• [Records provided]:
= Beginning of Section =

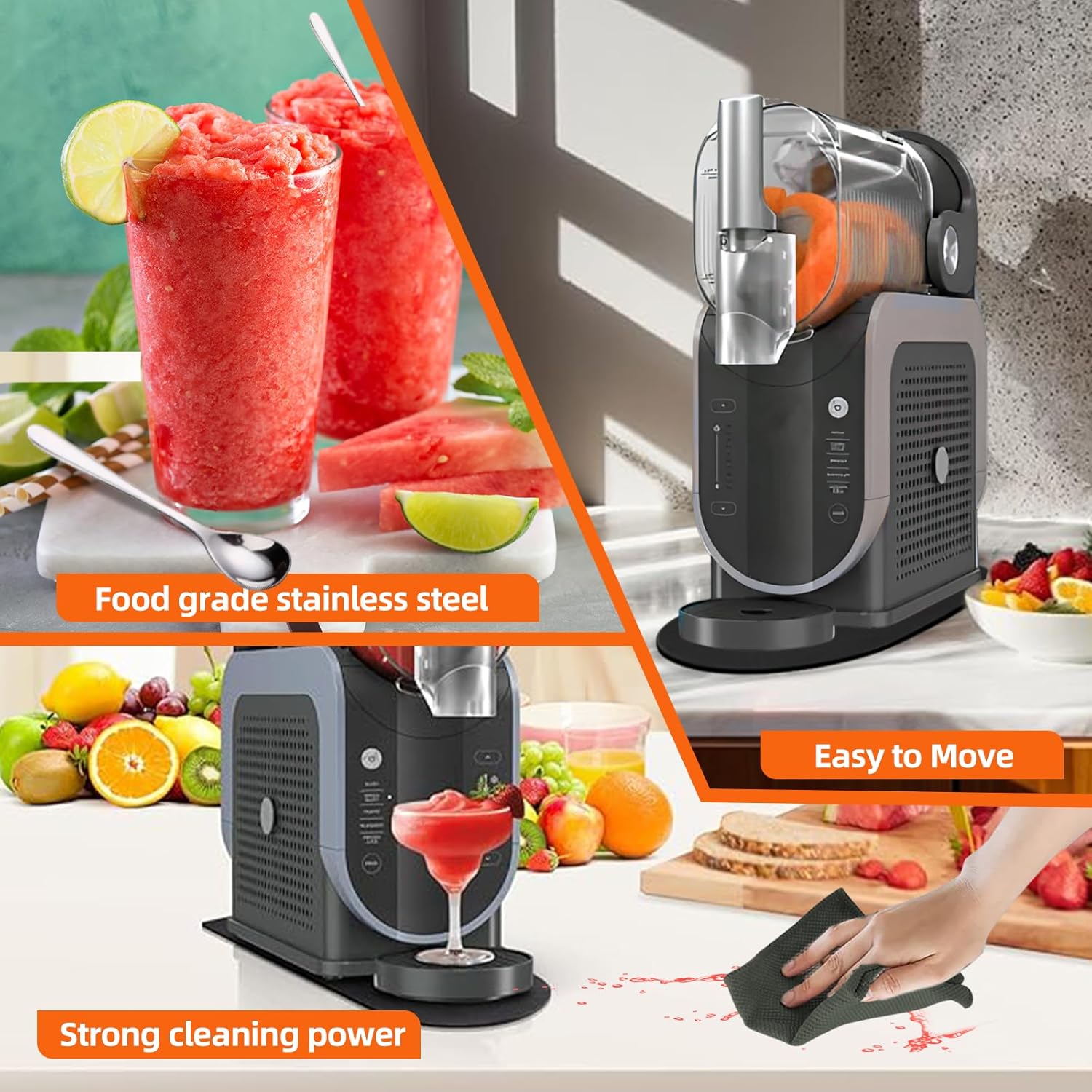 Unsere Kunden berichten einstimmig, dass der Alltag mit der Slush-Maschine durch das Gleitbrett deutlich angenehmer geworden ist. Besonders in kleinen Küchen wird die Flexibilität geschätzt, das Gerät bei Nichtgebrauch einfach nach hinten zu schieben. Nach Tests in verschiedenen Haushalten lobt unser Team vor allem, dass die Optik der Arbeitsplatte erhalten bleibt, da keine Schlieren oder Kratzer durch das schwere Gehäuse entstehen. Auch das beiliegende Zubehör-Set, speziell die Löffel, wird als sinnvolle Ergänzung wahrgenommen, um direkt mit der Zubereitung starten zu können. Mit einer Bewertung von 5.0 bei 28 Bewertungen bestätigt sich der hohe Nutzwert im täglichen Einsatz.
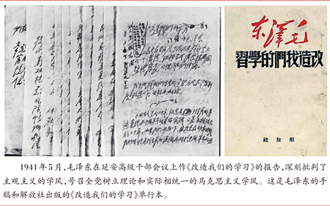 延安整風(fēng)運(yùn)動以反對主觀主義、宗派主義、黨八股,樹立馬克思主義作風(fēng)為主要內(nèi)容。而鑒于深重的思想之弊和慘痛的實(shí)踐教訓(xùn),反對主觀主義以整頓學(xué)風(fēng),成為開展整風(fēng)運(yùn)動的關(guān)鍵。整風(fēng)運(yùn)動開展后,毛澤東就緊緊抓住思想方法和作風(fēng)問題不放。他在給中央研究組同志的信中指出:學(xué)習(xí)理論要“以研究思想方法論為主”。破除錯(cuò)誤的思想方法,暢行正確的思想作風(fēng),最重要的就是要遵循實(shí)事求是的思想路線,做到理論聯(lián)系實(shí)際!皩(shí)事求是”這個(gè)詞,并非毛澤東首創(chuàng),但把“實(shí)事求是”上升到黨的思想路線的高度,則是毛澤東的功勞。毛澤東強(qiáng)調(diào),“要分清創(chuàng)造性的馬克思主義和教條式的馬克思主義”,“宣傳創(chuàng)造性的馬克思主義”,“使中國革命豐富的實(shí)際馬克思主義化”。不能從理論上來思考中國革命實(shí)踐的人,是不能妄稱為馬克思主義理論家的。只有從客觀實(shí)際中概括出而又在客觀實(shí)際中得到證明的理論,才稱得起我們所講的理論。
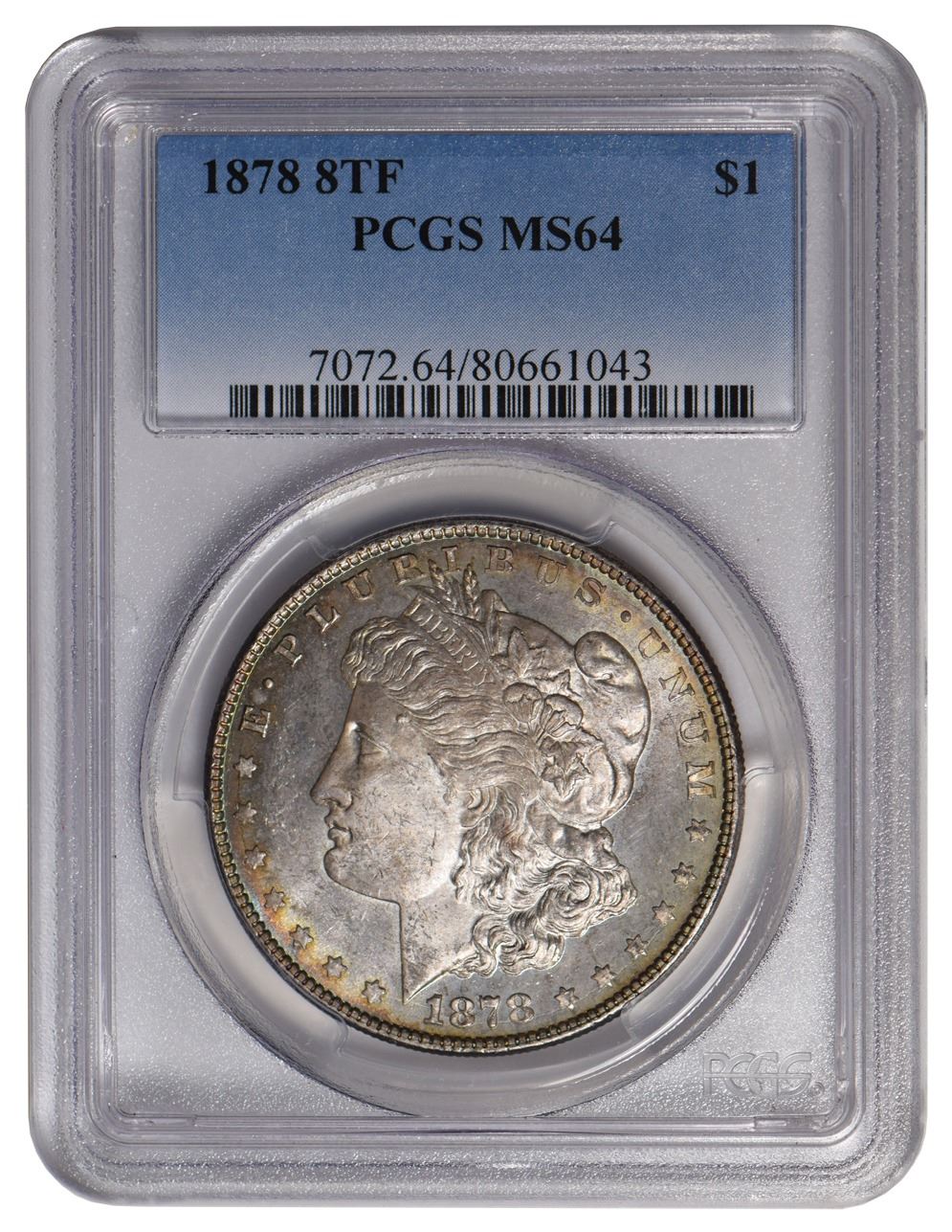 One 1878 $1 Morgan Silver Dollar PCGS MS64.
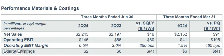 高性能材料和涂料部门,本季度净销售额为22亿美元,同比增长2%,销量同比增长7%;净销售额环比增长4%;营业息税前利润为1.46亿美元,与去年同期相比增加了8000万美元,环比增长1.05亿美元。
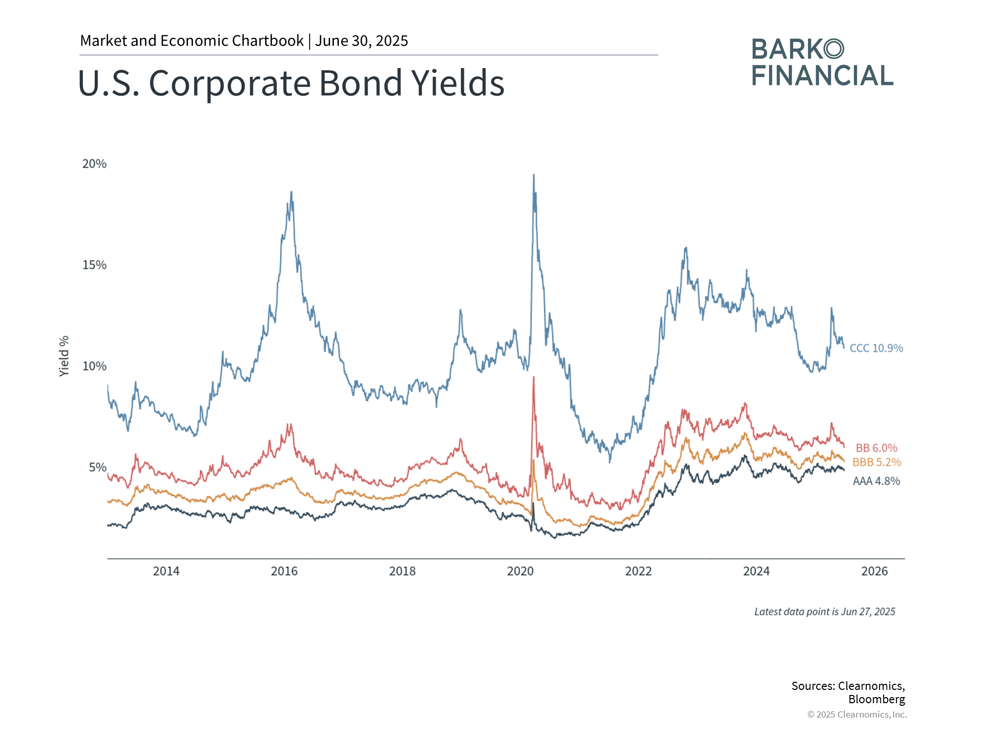 This has supported the Bloomberg U.S. Aggregate Bond Index, a diversified index of different U.S. bonds, with a 3.7% return so far this year. The corporate bond component of the index has also generated 3.7%, while high yield has outperformed with a 4.3% return.
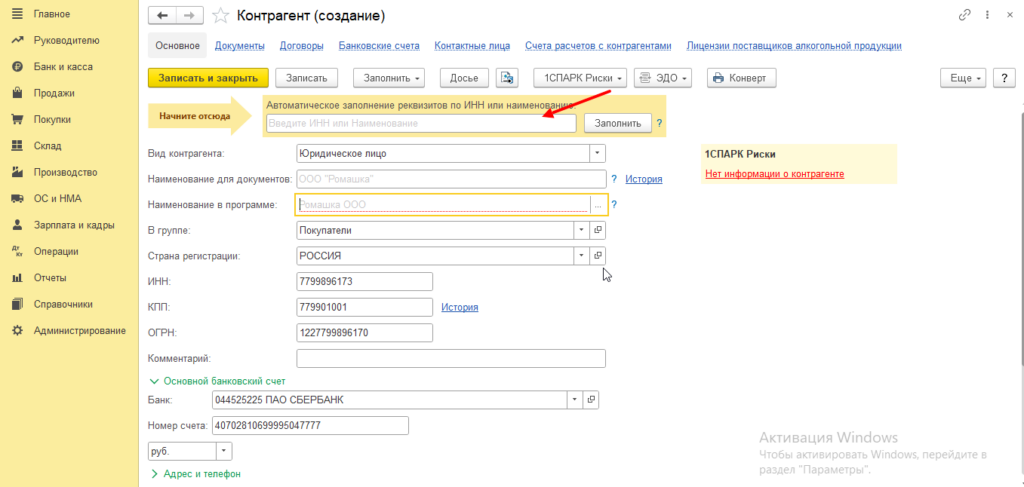 Если ИНН введен корректно и сведения о контрагенте есть в государственном реестре, то реквизиты заполняются автоматически (рис. 2).
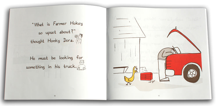 In this book Honky Dora has a very exciting day and her loud honk saves farmer Hokey's day.
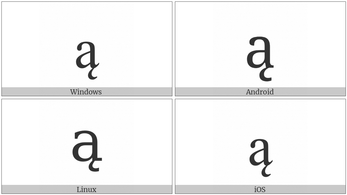 The image below shows how the “Latin Small Letter A With Ogonek” symbol might look like on different operating systems. If the font in which this web site is displayed does not contain the symbol and there is no fallback font able to render it, you can use the image below to get an idea of what it should look like.
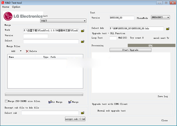 1、首先下載附件並解壓,運行“\KDZ_FW_UPD_EN\B2CAppSetup.exe”文件,等待安裝完成,安裝完成會後自動打開工具,打開後請手動關閉。然後打開同目錄下的「UpTestEX_mod2_marwin.exe」文件,打開後如圖:

= End of Section =

• [Your goal]: Print the data above from its first line through the line that has "In this book", exactly and with nothing else, omitting pictures.

• [Expected output]:
 Unsere Kunden berichten einstimmig, dass der Alltag mit der Slush-Maschine durch das Gleitbrett deutlich angenehmer geworden ist. Besonders in kleinen Küchen wird die Flexibilität geschätzt, das Gerät bei Nichtgebrauch einfach nach hinten zu schieben. Nach Tests in verschiedenen Haushalten lobt unser Team vor allem, dass die Optik der Arbeitsplatte erhalten bleibt, da keine Schlieren oder Kratzer durch das schwere Gehäuse entstehen. Auch das beiliegende Zubehör-Set, speziell die Löffel, wird als sinnvolle Ergänzung wahrgenommen, um direkt mit der Zubereitung starten zu können. Mit einer Bewertung von 5.0 bei 28 Bewertungen bestätigt sich der hohe Nutzwert im täglichen Einsatz.
 延安整風(fēng)運(yùn)動以反對主觀主義、宗派主義、黨八股,樹立馬克思主義作風(fēng)為主要內(nèi)容。而鑒于深重的思想之弊和慘痛的實(shí)踐教訓(xùn),反對主觀主義以整頓學(xué)風(fēng),成為開展整風(fēng)運(yùn)動的關(guān)鍵。整風(fēng)運(yùn)動開展后,毛澤東就緊緊抓住思想方法和作風(fēng)問題不放。他在給中央研究組同志的信中指出:學(xué)習(xí)理論要“以研究思想方法論為主”。破除錯(cuò)誤的思想方法,暢行正確的思想作風(fēng),最重要的就是要遵循實(shí)事求是的思想路線,做到理論聯(lián)系實(shí)際!皩(shí)事求是”這個(gè)詞,并非毛澤東首創(chuàng),但把“實(shí)事求是”上升到黨的思想路線的高度,則是毛澤東的功勞。毛澤東強(qiáng)調(diào),“要分清創(chuàng)造性的馬克思主義和教條式的馬克思主義”,“宣傳創(chuàng)造性的馬克思主義”,“使中國革命豐富的實(shí)際馬克思主義化”。不能從理論上來思考中國革命實(shí)踐的人,是不能妄稱為馬克思主義理論家的。只有從客觀實(shí)際中概括出而又在客觀實(shí)際中得到證明的理論,才稱得起我們所講的理論。
 One 1878 $1 Morgan Silver Dollar PCGS MS64.
 高性能材料和涂料部门,本季度净销售额为22亿美元,同比增长2%,销量同比增长7%;净销售额环比增长4%;营业息税前利润为1.46亿美元,与去年同期相比增加了8000万美元,环比增长1.05亿美元。
 This has supported the Bloomberg U.S. Aggregate Bond Index, a diversified index of different U.S. bonds, with a 3.7% return so far this year. The corporate bond component of the index has also generated 3.7%, while high yield has outperformed with a 4.3% return.
 Если ИНН введен корректно и сведения о контрагенте есть в государственном реестре, то реквизиты заполняются автоматически (рис. 2).
 In this book Honky Dora has a very exciting day and her loud honk saves farmer Hokey's day.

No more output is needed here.